The Foreign and Commonwealth Office honoured their word and did indeed put forward £5.6 million in funding for a two-year programme to support countries wanting to reform these discriminatory laws. As part of this programme, the Human Dignity Trust provided technical legal and communications assistance to the governments of Belize, St Vincent and the Grenadines, and Mauritius. Unfortunately, while there is still an urgent need for this work to continue, renewed funding has been put on hold due to the Covid-19 crisis. The UK government and charities like the Trust must continue to play their part in this vital decolonisation work, as must all members of society.

Change is coming

I’d like to note that even if legal journeys are long and take their time, the global trend is moving in the right direction as the number of criminalising countries continues to fall. Last year, the Court of Appeal denied the Belize Government’s final appeal of a 2016 ruling decriminalising adult consensual same-sex relations in the country. Speaking of the 2016 judgment, Simone Hill, a leading LGBTQ+ activist in Belize, said: ‘It was such a victory. It was like a burden, a stone, a stack of stone lifted off you.’
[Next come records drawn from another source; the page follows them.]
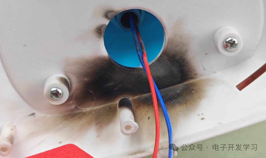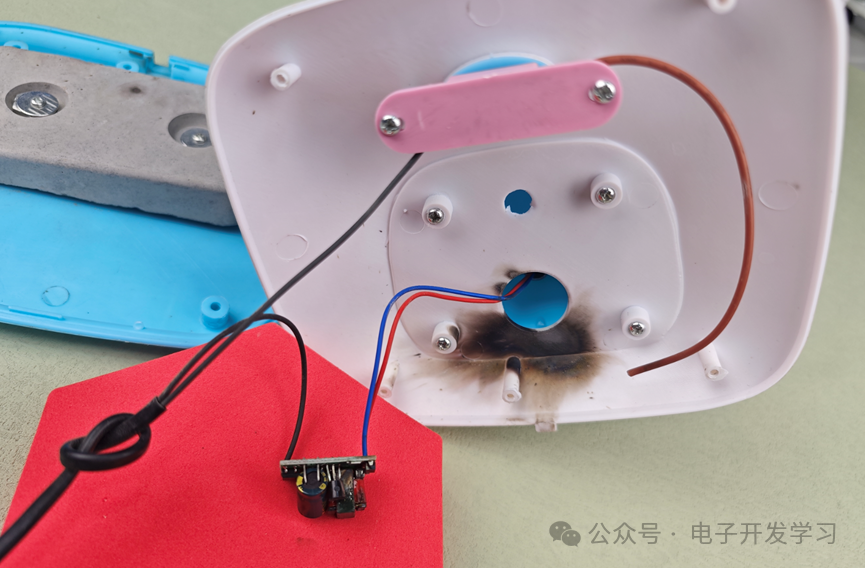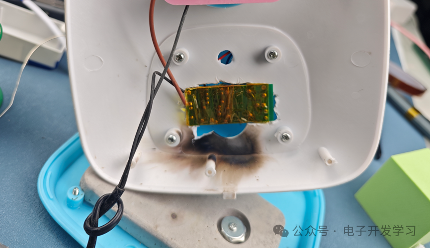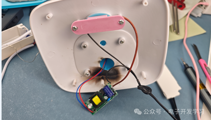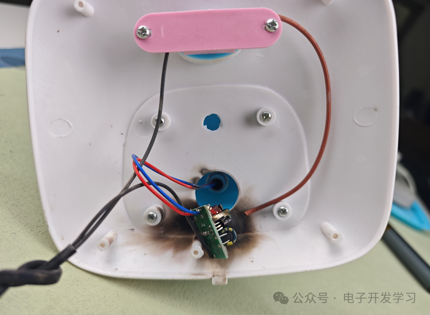 由于新换的板子尺寸太大,而且厚度比之前的厚,原来放电路板的位置放不下了,只好在底座上掏了一个洞,然后把板子卡进去。把板子卡进去之前,先用耐高温胶带把板子包了一下。然后把底座和灯罩什么的安装回去。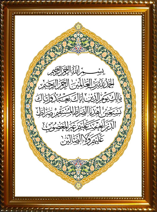 Tableau avec calligraphie de Sourate N° 1 Al-Fâtiha.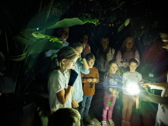 Es ist stockdunkel und sehr, sehr warm im Tropenhaus. Nur der Schein Eurer Taschenlampen erhellt das Dickicht des immergrünen Dschungels. So beginnt die spannende Reise durch die Welt der Tropen! Wie schmecken die Früchte des Urwalds, aus welchem Holz sind die großen Bäume, wie sieht Kakao, Maniok oder Baumwolle aus? Und wie hört es sich an, wenn sich alle puertoricanischen Pfeiffrösche auf einmal „unterhalten“? Es erwartet euch ein tolles Mitmachprogramm. Wenn Ihr Glück habt, entdeckt Ihr vielleicht sogar einen der kleinen braunen Coquís, die die ganze Nacht hindurch das Tropenhaus mit ihrem vielstimmigen und lauten Froschkonzert beschallen.
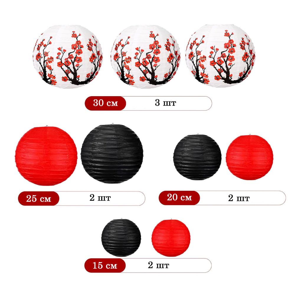 Набор подвесные фонарики 9 шт, сакура
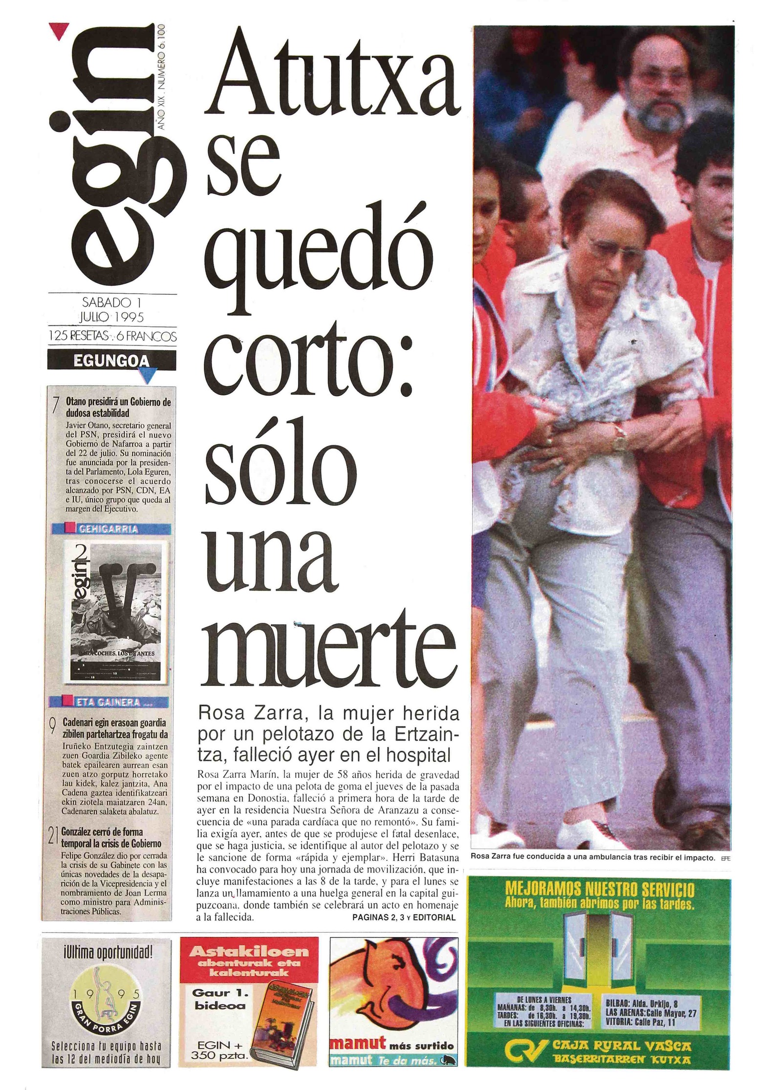 Portada de 'Egin' del 1 de julio de 1995.

When discriminatory laws are removed, LGBTQ+ people cease being criminals in their own countries overnight. The Human Dignity Trust will continue to work with activists, lawyers, governments, and other organisations around the world to eradicate these laws that persecute people on the basis of their sexual orientation and/or gender identity.

We are at a pivotal moment where there are real prospects for much-needed reform and repeal of discriminatory laws in relatively short timeframes in countries such as Kenya, St Vincent and the Grenadines, and Mauritius. As Martin Luther King said, ‘Let us realise the arc of the moral universe is long, but it bends toward justice.’
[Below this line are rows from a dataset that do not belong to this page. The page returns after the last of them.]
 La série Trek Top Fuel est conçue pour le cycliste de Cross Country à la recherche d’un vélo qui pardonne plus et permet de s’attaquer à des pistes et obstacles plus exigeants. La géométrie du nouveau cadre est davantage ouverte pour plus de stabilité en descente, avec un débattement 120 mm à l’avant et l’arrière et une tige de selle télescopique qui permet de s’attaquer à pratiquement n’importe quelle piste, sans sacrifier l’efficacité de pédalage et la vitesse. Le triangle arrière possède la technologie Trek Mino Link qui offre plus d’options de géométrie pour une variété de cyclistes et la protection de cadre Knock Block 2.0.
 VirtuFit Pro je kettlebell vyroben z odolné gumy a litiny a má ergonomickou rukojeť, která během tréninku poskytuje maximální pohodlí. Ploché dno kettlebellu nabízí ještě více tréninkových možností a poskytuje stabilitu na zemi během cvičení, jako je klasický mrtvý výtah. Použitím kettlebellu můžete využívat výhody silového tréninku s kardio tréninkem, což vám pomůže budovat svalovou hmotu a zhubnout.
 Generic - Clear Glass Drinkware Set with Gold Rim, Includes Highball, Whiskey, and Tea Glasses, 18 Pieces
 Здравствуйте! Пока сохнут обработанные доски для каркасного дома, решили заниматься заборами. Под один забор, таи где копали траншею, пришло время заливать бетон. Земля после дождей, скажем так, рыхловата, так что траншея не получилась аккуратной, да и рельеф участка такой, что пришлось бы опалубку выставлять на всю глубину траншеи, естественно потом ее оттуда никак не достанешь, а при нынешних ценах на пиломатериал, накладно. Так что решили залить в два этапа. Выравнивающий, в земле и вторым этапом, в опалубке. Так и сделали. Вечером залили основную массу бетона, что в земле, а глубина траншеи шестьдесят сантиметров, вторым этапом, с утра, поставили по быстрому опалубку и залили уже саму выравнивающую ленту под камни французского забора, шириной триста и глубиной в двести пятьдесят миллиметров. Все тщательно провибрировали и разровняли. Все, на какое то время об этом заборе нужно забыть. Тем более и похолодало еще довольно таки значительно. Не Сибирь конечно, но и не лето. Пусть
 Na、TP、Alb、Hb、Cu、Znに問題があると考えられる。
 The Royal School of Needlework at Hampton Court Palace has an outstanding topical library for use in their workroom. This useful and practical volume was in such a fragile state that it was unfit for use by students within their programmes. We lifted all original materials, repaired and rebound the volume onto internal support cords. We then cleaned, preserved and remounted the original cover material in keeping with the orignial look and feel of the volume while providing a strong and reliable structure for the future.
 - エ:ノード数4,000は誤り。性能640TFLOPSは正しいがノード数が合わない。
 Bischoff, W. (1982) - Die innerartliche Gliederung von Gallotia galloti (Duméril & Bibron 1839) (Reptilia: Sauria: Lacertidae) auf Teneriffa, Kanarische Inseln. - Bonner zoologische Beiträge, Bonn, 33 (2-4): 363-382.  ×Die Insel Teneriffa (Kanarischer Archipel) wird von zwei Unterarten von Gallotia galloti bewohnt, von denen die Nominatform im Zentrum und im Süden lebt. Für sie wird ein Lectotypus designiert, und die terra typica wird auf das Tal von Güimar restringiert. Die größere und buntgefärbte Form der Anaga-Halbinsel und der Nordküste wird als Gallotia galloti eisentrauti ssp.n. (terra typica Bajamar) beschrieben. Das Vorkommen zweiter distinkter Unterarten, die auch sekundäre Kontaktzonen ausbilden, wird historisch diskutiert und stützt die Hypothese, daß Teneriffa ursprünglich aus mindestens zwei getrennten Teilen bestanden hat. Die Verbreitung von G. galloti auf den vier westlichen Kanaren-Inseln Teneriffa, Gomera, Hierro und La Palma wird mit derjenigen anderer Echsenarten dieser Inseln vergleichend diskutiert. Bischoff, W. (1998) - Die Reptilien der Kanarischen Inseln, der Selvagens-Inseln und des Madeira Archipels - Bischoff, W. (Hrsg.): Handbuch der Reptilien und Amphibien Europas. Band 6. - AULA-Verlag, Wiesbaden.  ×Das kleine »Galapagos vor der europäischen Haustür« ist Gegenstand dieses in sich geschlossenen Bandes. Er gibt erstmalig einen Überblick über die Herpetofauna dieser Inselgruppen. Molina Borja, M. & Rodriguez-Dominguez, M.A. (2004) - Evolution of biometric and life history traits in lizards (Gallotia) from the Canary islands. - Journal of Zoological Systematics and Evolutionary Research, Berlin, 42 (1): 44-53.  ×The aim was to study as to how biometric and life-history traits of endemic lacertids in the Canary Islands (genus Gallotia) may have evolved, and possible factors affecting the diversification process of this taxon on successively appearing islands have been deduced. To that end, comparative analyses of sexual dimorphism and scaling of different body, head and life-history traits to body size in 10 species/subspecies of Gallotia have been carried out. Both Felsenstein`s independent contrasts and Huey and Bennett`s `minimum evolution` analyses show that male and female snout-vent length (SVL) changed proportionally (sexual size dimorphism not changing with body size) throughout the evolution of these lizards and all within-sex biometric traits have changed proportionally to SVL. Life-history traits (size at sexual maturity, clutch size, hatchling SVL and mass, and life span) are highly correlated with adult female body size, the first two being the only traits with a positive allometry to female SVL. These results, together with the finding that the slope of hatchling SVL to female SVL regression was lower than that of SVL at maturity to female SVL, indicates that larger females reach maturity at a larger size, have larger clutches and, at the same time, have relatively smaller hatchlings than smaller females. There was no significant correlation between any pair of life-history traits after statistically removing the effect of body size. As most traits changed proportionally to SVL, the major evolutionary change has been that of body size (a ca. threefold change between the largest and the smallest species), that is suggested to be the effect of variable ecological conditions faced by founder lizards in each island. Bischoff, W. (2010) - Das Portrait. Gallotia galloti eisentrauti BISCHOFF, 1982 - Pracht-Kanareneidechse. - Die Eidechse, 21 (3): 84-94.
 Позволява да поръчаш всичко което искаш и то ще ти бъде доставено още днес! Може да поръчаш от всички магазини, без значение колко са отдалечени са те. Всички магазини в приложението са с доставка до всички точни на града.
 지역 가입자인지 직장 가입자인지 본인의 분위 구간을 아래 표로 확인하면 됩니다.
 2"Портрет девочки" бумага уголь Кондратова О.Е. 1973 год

Charlotte Minvielle is Head of Development at the Human Dignity Trust, a charity that uses the law to defend the human rights of LGBT people. She oversees the Trust’s fundraising efforts by managing the support of our current donors as well as developing and implementing our fundraising strategy to acquire new donors from trusts and foundations, companies, and private donors in particular to fund our vital work.

Charlotte has over ten years of experience working in fundraising for organisations in the international development sector including War Child, Save the Children, Plan International, Mercy Corps and WaterAid. Charlotte is also a Trustee at Pan Intercultural Arts, a charity using arts for social change.